_Material for the task_.
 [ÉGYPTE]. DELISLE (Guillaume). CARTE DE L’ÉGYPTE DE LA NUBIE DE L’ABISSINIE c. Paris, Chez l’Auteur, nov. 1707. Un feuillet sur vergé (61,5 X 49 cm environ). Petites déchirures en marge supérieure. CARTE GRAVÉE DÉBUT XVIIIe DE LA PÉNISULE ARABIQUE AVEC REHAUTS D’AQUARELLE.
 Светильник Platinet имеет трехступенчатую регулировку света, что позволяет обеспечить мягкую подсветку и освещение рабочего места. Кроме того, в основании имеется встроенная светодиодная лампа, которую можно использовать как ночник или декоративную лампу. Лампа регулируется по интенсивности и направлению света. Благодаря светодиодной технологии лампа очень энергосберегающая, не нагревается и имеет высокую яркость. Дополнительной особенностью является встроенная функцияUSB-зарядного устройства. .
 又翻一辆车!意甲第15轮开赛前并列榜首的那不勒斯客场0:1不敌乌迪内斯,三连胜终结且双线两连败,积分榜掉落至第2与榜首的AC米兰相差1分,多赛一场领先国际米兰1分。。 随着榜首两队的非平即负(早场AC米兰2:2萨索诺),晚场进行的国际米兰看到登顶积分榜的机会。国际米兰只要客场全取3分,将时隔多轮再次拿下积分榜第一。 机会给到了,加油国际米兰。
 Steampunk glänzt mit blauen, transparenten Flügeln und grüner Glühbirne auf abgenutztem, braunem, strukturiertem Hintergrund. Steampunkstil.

...

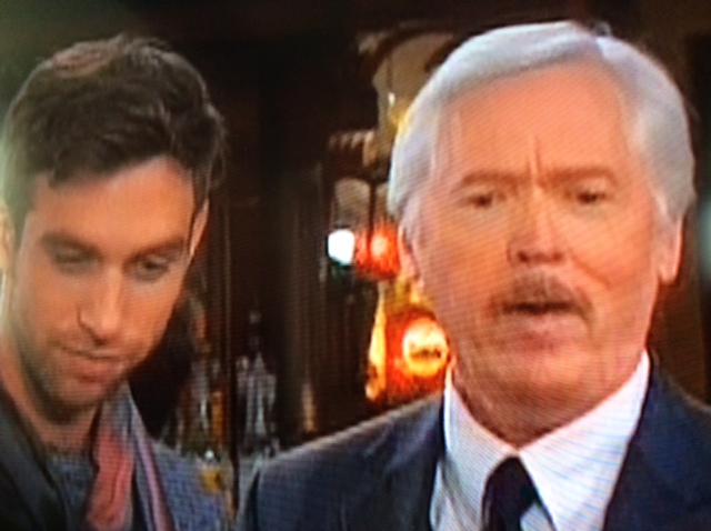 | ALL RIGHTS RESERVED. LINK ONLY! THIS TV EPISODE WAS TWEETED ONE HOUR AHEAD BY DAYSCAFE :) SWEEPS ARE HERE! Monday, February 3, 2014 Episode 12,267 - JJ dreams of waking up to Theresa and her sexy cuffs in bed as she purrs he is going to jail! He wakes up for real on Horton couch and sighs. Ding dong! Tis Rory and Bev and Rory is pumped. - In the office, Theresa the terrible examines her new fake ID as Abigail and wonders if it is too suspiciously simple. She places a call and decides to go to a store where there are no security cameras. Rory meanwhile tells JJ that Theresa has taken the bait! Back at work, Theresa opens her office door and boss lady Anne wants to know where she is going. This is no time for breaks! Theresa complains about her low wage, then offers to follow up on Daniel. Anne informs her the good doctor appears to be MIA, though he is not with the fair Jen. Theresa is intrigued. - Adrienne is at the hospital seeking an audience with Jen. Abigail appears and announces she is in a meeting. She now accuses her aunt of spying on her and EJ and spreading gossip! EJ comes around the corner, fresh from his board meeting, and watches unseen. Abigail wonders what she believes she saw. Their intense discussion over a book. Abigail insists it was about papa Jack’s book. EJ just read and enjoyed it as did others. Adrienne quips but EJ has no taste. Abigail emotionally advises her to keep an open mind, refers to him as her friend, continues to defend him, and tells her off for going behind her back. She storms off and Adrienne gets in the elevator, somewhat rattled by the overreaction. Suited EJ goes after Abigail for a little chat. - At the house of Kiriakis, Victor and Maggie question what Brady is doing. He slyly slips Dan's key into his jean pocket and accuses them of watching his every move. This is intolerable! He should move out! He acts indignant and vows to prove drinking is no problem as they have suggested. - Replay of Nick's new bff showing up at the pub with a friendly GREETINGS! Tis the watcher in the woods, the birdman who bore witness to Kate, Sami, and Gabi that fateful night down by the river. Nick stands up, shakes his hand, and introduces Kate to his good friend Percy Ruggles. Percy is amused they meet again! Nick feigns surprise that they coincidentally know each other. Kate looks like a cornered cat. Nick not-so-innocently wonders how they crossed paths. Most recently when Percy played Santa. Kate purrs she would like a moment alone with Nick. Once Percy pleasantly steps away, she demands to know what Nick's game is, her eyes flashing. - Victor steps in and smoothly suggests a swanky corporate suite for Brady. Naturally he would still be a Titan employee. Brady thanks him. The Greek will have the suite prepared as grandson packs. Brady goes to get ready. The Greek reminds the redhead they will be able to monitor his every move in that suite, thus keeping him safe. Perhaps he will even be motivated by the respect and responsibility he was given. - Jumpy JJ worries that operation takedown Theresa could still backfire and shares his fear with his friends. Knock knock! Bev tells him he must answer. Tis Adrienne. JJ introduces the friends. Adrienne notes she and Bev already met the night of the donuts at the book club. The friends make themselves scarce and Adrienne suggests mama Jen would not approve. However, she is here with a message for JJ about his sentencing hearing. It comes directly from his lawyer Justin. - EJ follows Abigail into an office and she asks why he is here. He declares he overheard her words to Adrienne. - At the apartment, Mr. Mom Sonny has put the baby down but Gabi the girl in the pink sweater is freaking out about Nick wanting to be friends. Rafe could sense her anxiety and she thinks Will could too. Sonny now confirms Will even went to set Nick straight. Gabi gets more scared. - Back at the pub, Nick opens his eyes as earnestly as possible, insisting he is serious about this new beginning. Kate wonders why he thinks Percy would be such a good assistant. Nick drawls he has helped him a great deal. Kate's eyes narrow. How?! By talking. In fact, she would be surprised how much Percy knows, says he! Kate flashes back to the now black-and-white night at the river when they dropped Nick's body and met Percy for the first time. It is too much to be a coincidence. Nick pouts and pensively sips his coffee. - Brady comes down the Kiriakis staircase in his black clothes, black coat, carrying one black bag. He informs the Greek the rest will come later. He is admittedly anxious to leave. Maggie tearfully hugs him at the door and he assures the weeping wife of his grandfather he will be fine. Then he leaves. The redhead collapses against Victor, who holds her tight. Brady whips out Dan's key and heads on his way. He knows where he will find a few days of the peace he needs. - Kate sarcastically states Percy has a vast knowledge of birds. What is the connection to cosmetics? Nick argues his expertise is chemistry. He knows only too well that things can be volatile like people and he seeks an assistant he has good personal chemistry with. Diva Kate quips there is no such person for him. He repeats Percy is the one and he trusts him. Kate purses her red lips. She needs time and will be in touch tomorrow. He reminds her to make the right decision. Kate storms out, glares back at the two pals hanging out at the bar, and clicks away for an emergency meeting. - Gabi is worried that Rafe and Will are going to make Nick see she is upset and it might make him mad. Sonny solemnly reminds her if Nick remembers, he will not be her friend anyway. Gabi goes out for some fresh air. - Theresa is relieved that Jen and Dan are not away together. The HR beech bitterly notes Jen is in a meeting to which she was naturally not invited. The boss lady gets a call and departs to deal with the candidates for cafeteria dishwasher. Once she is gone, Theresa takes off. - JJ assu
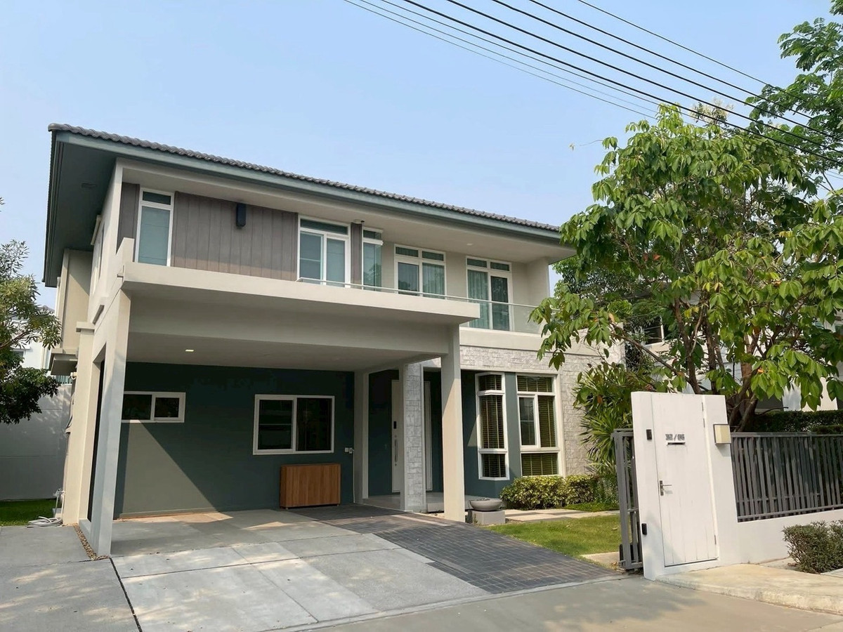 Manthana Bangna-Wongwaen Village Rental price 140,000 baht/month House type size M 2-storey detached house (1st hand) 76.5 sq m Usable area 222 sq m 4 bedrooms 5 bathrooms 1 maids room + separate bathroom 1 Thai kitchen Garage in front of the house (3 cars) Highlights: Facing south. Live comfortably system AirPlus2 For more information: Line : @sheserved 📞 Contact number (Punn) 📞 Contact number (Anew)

_Exercise aim_. From the data above, output only the lines between the line containing "[ÉGYPTE]. DELISLE (Guillaume)." and the line containing "Steampunk glänzt mit", inclusive, exactly as written.

_Expected answer_.
 [ÉGYPTE]. DELISLE (Guillaume). CARTE DE L’ÉGYPTE DE LA NUBIE DE L’ABISSINIE c. Paris, Chez l’Auteur, nov. 1707. Un feuillet sur vergé (61,5 X 49 cm environ). Petites déchirures en marge supérieure. CARTE GRAVÉE DÉBUT XVIIIe DE LA PÉNISULE ARABIQUE AVEC REHAUTS D’AQUARELLE.
 Светильник Platinet имеет трехступенчатую регулировку света, что позволяет обеспечить мягкую подсветку и освещение рабочего места. Кроме того, в основании имеется встроенная светодиодная лампа, которую можно использовать как ночник или декоративную лампу. Лампа регулируется по интенсивности и направлению света. Благодаря светодиодной технологии лампа очень энергосберегающая, не нагревается и имеет высокую яркость. Дополнительной особенностью является встроенная функцияUSB-зарядного устройства. .
 又翻一辆车!意甲第15轮开赛前并列榜首的那不勒斯客场0:1不敌乌迪内斯,三连胜终结且双线两连败,积分榜掉落至第2与榜首的AC米兰相差1分,多赛一场领先国际米兰1分。。 随着榜首两队的非平即负(早场AC米兰2:2萨索诺),晚场进行的国际米兰看到登顶积分榜的机会。国际米兰只要客场全取3分,将时隔多轮再次拿下积分榜第一。 机会给到了,加油国际米兰。
 Steampunk glänzt mit blauen, transparenten Flügeln und grüner Glühbirne auf abgenutztem, braunem, strukturiertem Hintergrund. Steampunkstil.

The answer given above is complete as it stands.